BEGIN Available records

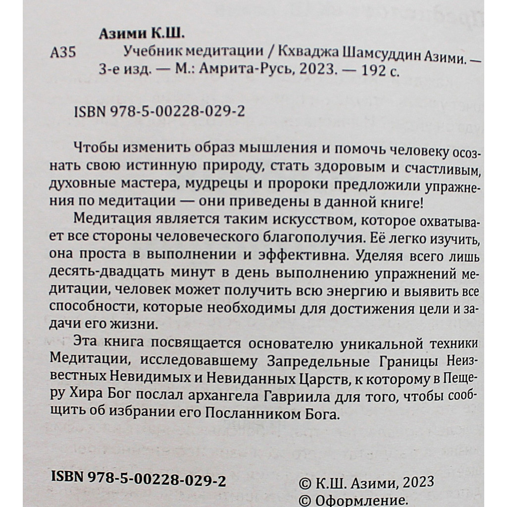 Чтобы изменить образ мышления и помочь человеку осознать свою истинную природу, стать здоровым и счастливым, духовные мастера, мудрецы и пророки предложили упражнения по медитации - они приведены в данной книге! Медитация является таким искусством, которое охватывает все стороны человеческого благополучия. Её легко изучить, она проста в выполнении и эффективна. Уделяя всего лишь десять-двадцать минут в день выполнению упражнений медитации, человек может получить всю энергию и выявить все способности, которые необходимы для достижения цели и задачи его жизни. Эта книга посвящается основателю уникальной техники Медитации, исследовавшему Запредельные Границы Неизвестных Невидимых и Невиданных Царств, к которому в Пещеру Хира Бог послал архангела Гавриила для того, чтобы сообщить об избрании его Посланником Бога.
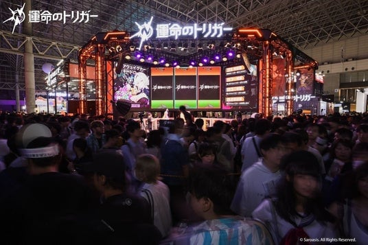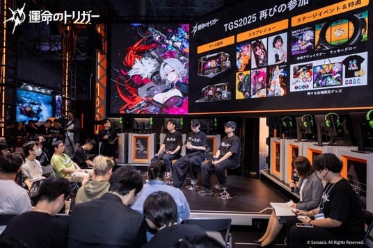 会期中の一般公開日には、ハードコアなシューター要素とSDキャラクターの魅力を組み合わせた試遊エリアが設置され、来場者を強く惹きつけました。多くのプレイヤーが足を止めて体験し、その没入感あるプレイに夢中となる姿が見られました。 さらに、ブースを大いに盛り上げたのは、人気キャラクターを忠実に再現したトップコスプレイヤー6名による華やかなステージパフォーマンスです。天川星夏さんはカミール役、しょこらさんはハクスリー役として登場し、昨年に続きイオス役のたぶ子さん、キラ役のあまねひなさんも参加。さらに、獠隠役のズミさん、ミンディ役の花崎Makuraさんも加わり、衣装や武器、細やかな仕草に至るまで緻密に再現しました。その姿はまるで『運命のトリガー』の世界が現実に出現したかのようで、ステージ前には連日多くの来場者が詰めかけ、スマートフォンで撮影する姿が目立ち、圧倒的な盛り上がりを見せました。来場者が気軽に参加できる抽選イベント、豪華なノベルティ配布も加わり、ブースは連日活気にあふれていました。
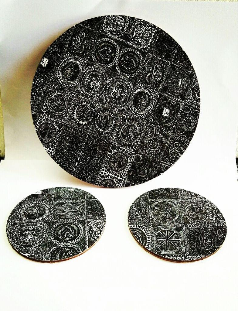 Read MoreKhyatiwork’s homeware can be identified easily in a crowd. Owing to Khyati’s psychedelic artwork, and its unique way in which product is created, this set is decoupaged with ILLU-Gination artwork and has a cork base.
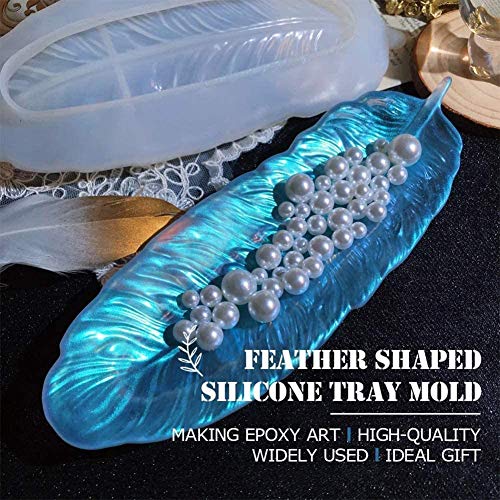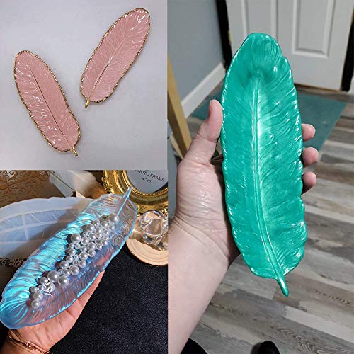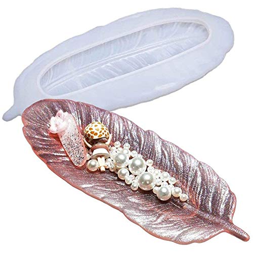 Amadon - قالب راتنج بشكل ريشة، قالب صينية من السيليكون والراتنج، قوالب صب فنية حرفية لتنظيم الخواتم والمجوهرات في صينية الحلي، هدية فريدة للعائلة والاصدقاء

END Available records
BEGIN Available records

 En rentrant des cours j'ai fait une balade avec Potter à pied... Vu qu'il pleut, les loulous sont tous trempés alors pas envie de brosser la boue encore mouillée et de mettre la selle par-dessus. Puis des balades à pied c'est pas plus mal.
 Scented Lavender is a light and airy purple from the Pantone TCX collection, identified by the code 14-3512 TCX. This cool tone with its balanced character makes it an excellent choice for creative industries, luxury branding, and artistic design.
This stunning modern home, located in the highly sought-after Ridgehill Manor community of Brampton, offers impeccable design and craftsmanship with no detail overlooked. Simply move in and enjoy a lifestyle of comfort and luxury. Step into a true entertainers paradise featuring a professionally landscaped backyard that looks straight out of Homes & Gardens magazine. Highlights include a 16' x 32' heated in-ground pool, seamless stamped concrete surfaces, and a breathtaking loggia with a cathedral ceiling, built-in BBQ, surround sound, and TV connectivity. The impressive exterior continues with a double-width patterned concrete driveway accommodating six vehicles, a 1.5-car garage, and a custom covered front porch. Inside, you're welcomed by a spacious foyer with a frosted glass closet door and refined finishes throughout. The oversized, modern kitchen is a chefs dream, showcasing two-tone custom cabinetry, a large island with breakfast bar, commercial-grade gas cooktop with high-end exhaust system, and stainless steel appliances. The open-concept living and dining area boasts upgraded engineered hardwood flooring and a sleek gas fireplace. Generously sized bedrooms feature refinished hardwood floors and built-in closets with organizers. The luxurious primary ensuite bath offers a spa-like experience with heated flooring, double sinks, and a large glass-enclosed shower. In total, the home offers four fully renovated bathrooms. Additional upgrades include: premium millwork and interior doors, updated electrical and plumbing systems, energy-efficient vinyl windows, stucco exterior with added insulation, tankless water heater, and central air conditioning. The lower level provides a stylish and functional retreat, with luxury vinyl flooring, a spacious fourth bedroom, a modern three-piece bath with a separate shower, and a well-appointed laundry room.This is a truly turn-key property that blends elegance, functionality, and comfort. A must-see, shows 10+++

END Available records

Task requirements: In the records above, find the line with "会期中の一般公開日には、ハー" and the line with "Amadon - قالب", then restate word for word only those two lines and all lines between, omitting pictures.

Solution to the problem:
 会期中の一般公開日には、ハードコアなシューター要素とSDキャラクターの魅力を組み合わせた試遊エリアが設置され、来場者を強く惹きつけました。多くのプレイヤーが足を止めて体験し、その没入感あるプレイに夢中となる姿が見られました。 さらに、ブースを大いに盛り上げたのは、人気キャラクターを忠実に再現したトップコスプレイヤー6名による華やかなステージパフォーマンスです。天川星夏さんはカミール役、しょこらさんはハクスリー役として登場し、昨年に続きイオス役のたぶ子さん、キラ役のあまねひなさんも参加。さらに、獠隠役のズミさん、ミンディ役の花崎Makuraさんも加わり、衣装や武器、細やかな仕草に至るまで緻密に再現しました。その姿はまるで『運命のトリガー』の世界が現実に出現したかのようで、ステージ前には連日多くの来場者が詰めかけ、スマートフォンで撮影する姿が目立ち、圧倒的な盛り上がりを見せました。来場者が気軽に参加できる抽選イベント、豪華なノベルティ配布も加わり、ブースは連日活気にあふれていました。
 Read MoreKhyatiwork’s homeware can be identified easily in a crowd. Owing to Khyati’s psychedelic artwork, and its unique way in which product is created, this set is decoupaged with ILLU-Gination artwork and has a cork base.
 Amadon - قالب راتنج بشكل ريشة، قالب صينية من السيليكون والراتنج، قوالب صب فنية حرفية لتنظيم الخواتم والمجوهرات في صينية الحلي، هدية فريدة للعائلة والاصدقاء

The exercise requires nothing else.